» **Given information**:
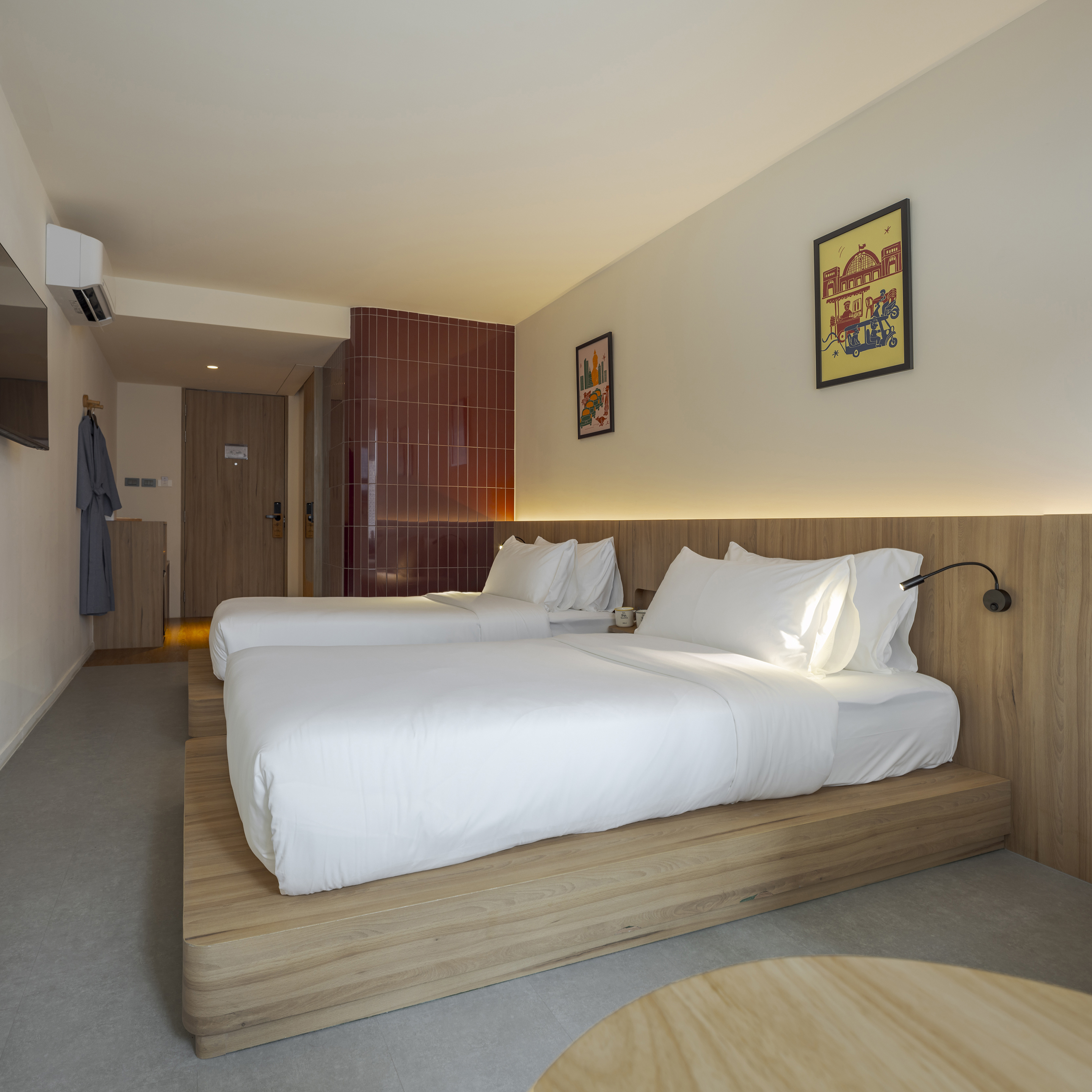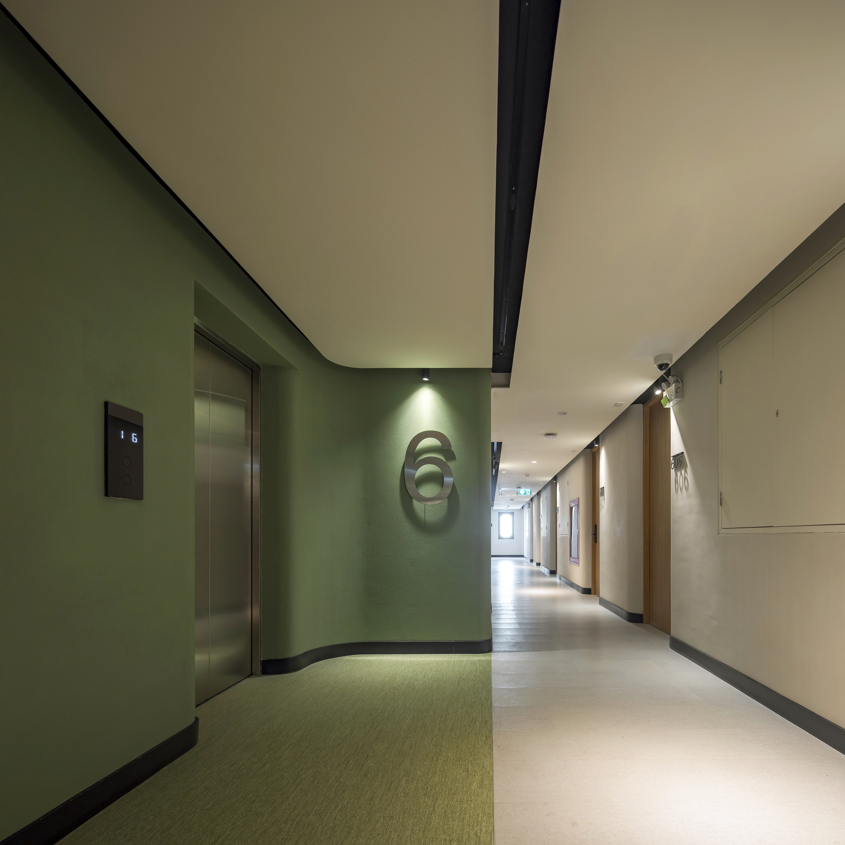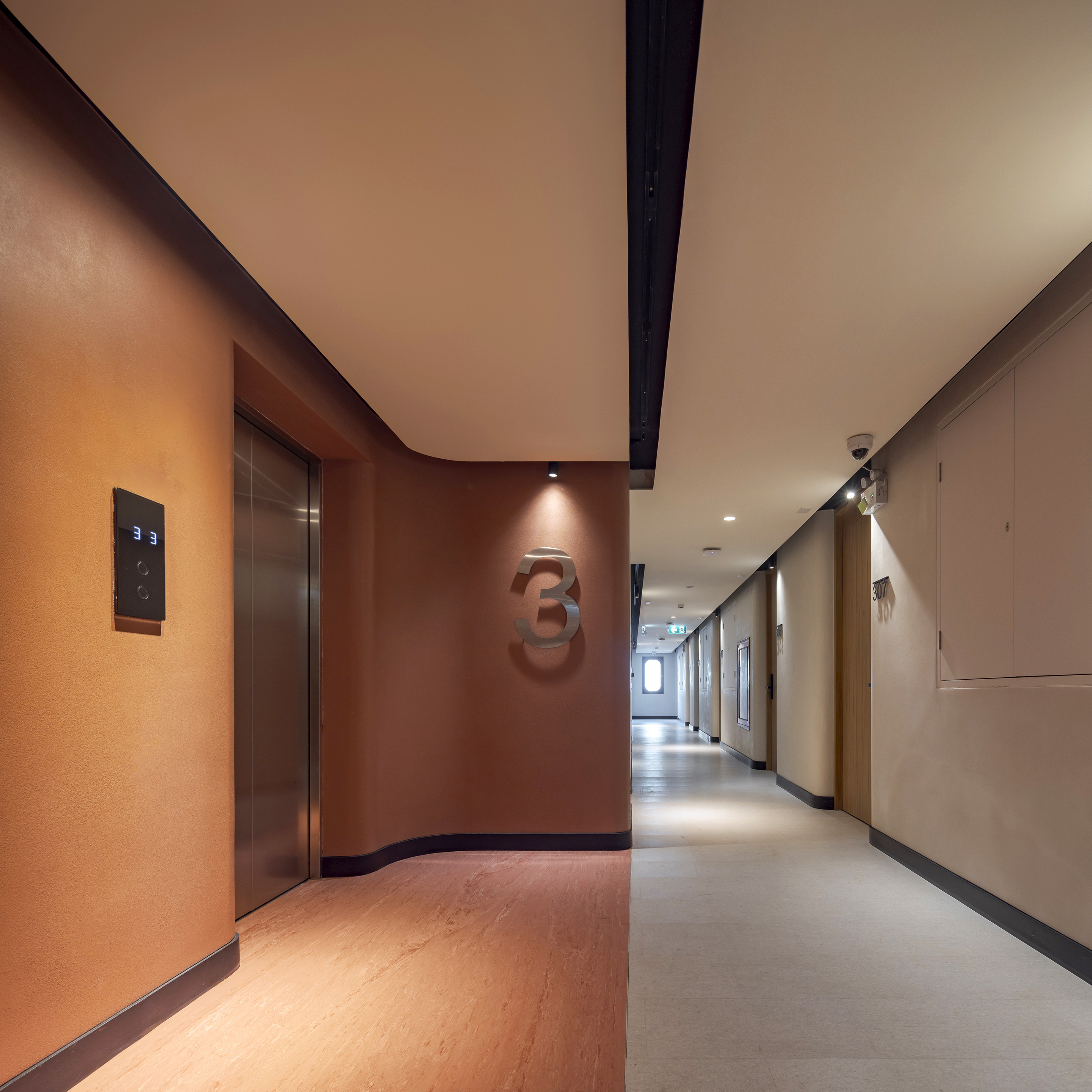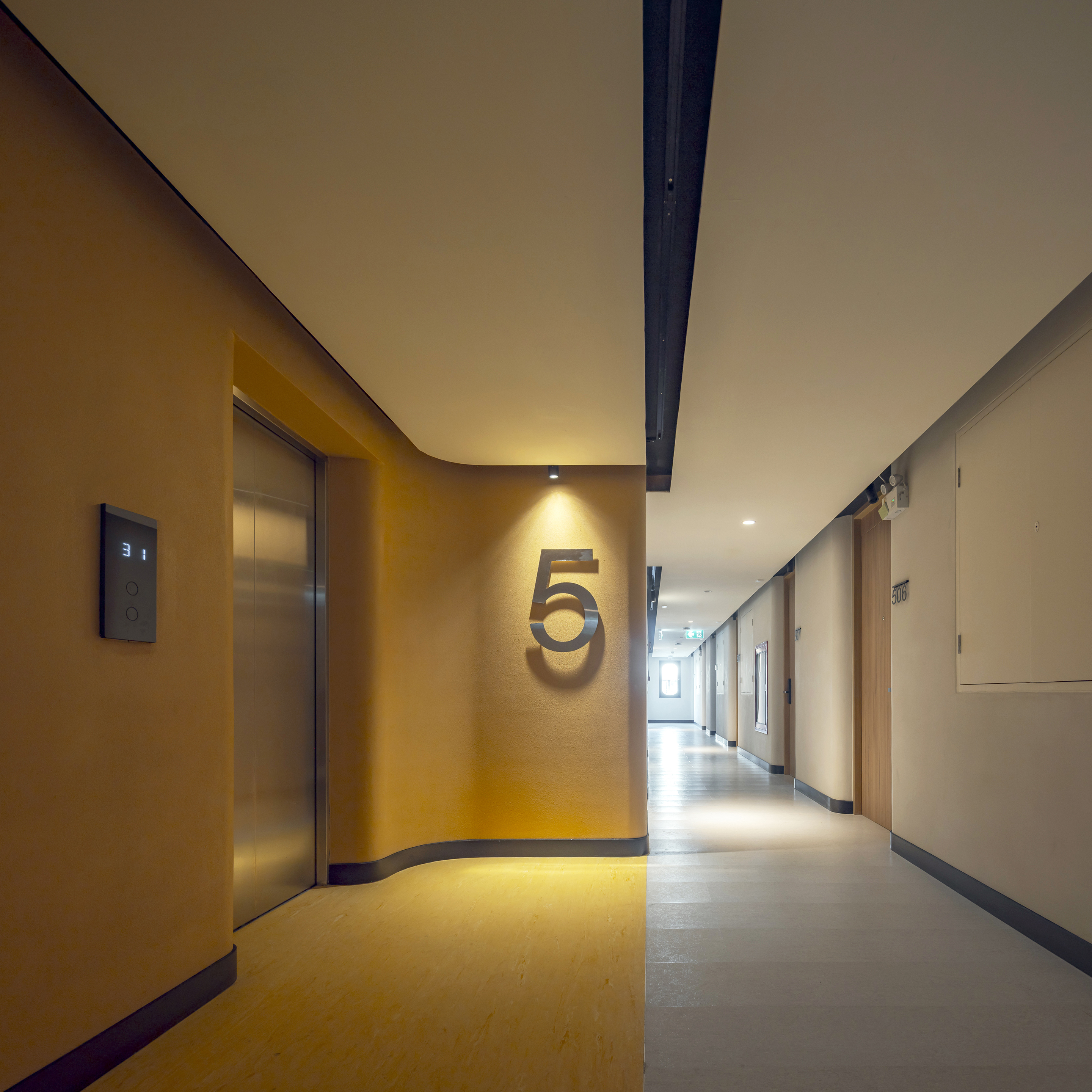 각 층은 층수를 표시하는 고유한 색으로 디자인된 엘리베이터 홀을 통해 개성을 드러낸다. 객실에 가까워질수록 색은 점차 차분하고 은은하게 전환되며, 숙면을 위한 안정적인 분위기를 조성한다. 그러나 차분함 속에서도 장난스러운 요소는 이어진다. 욕실 외벽은 다채로운 타일 패턴으로 마감되어 즐거운 리듬감을 공간에 불어넣는다.
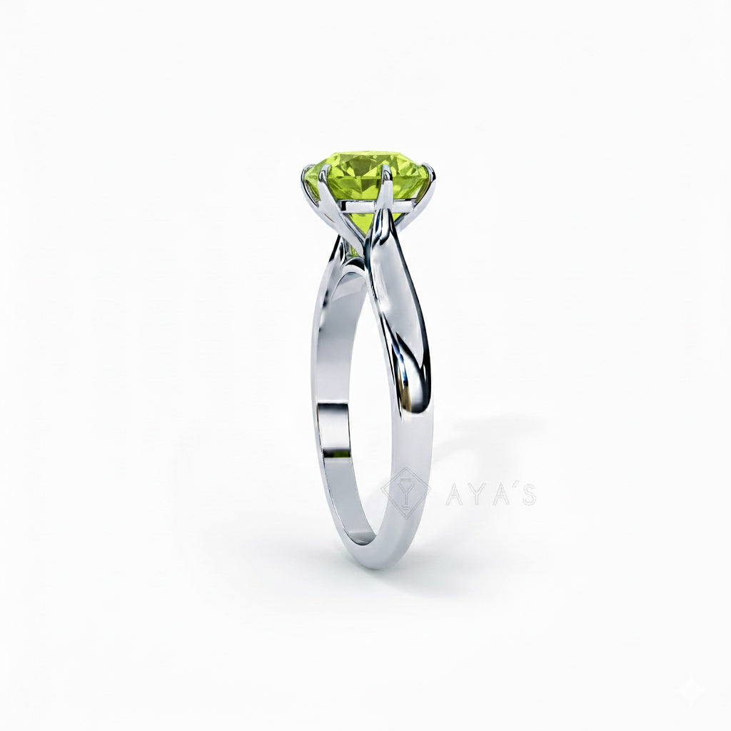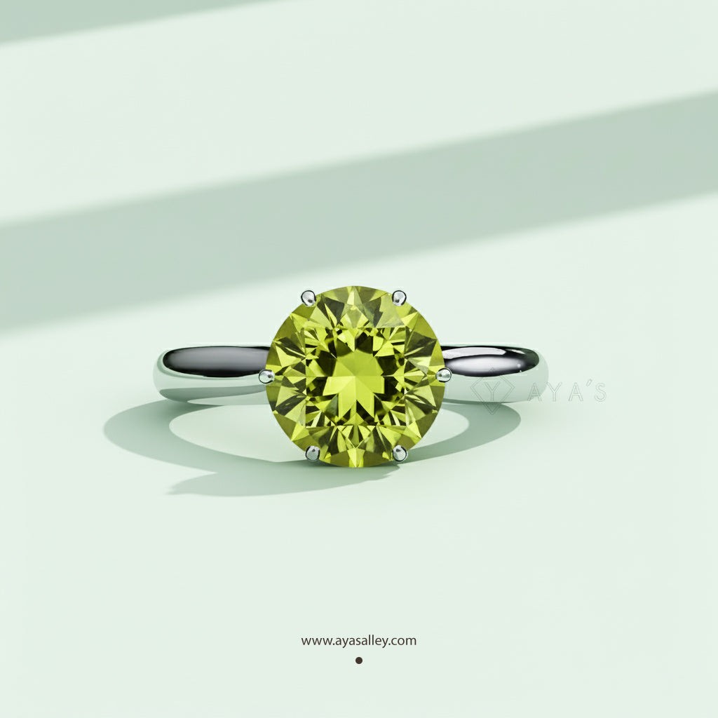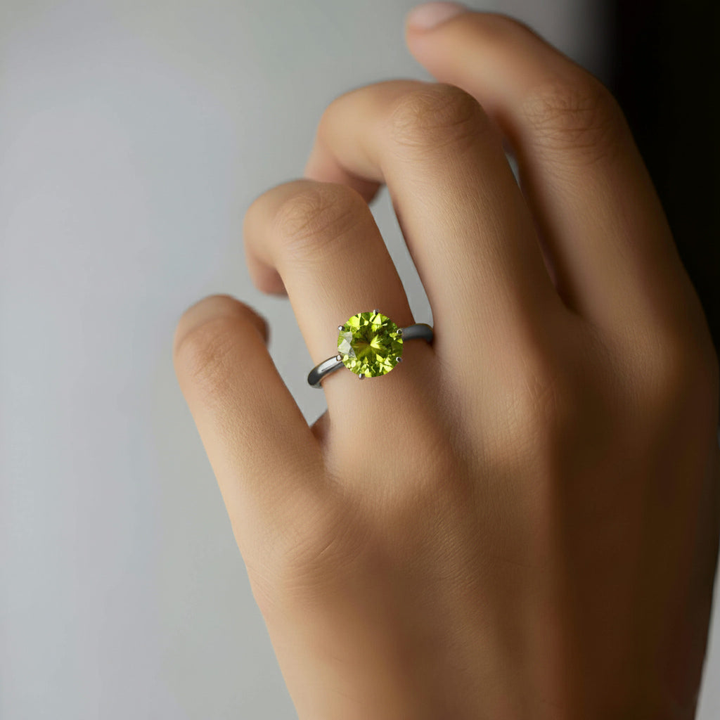 Fresh and luminous, the Silver Airelle Peridot Natural Gemstone Solitaire Ring brings a joyful energy to timeless elegance. Centered with a dazzling round-cut Peridot Natural Gemstone, this ring captures the spirit of renewal, positivity, and light, making it a vibrant choice for any jewelry lover.
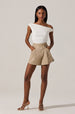 Left side twist detail, off shoulder sleeve
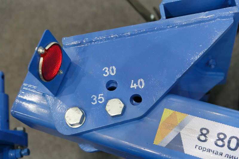 Ширина захвата корпуса ступенчато изменяемая — 35 / 40 / 45 см. Ширина захвата плуга — 1, 75/ 2 / 2,25 / м соответственно. Регулировки позволяют настроить плуг точно: с учетом мощности трактора, типа почвы, погодных условий.
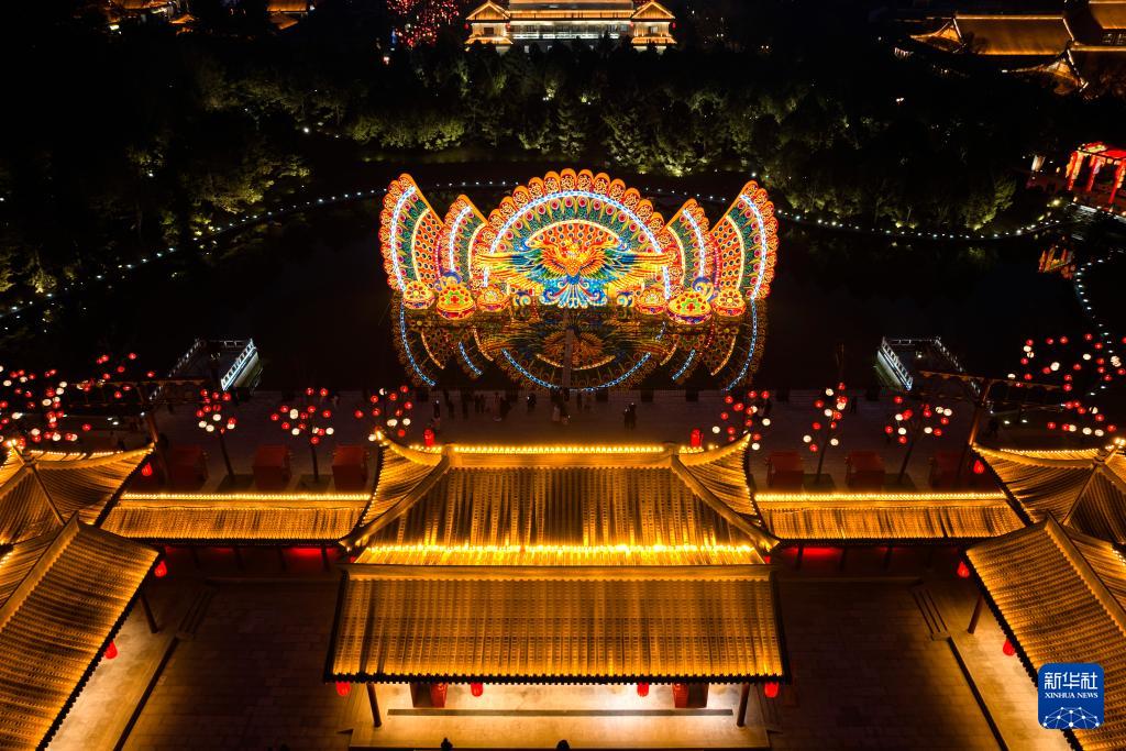 1月22日晚拍攝的西安大唐芙蓉園內(nèi)的巨型彩燈(無人機照片)。(新華社記者 邵瑞 攝)

» **Exercise prompt**:
Pictures are not part of the copy. Output only the lines from the one with "Fresh and luminous, the" through the final line of the records, exactly as given.

» **Your response**:
 Fresh and luminous, the Silver Airelle Peridot Natural Gemstone Solitaire Ring brings a joyful energy to timeless elegance. Centered with a dazzling round-cut Peridot Natural Gemstone, this ring captures the spirit of renewal, positivity, and light, making it a vibrant choice for any jewelry lover.
 Left side twist detail, off shoulder sleeve
 Ширина захвата корпуса ступенчато изменяемая — 35 / 40 / 45 см. Ширина захвата плуга — 1, 75/ 2 / 2,25 / м соответственно. Регулировки позволяют настроить плуг точно: с учетом мощности трактора, типа почвы, погодных условий.
 1月22日晚拍攝的西安大唐芙蓉園內(nèi)的巨型彩燈(無人機照片)。(新華社記者 邵瑞 攝)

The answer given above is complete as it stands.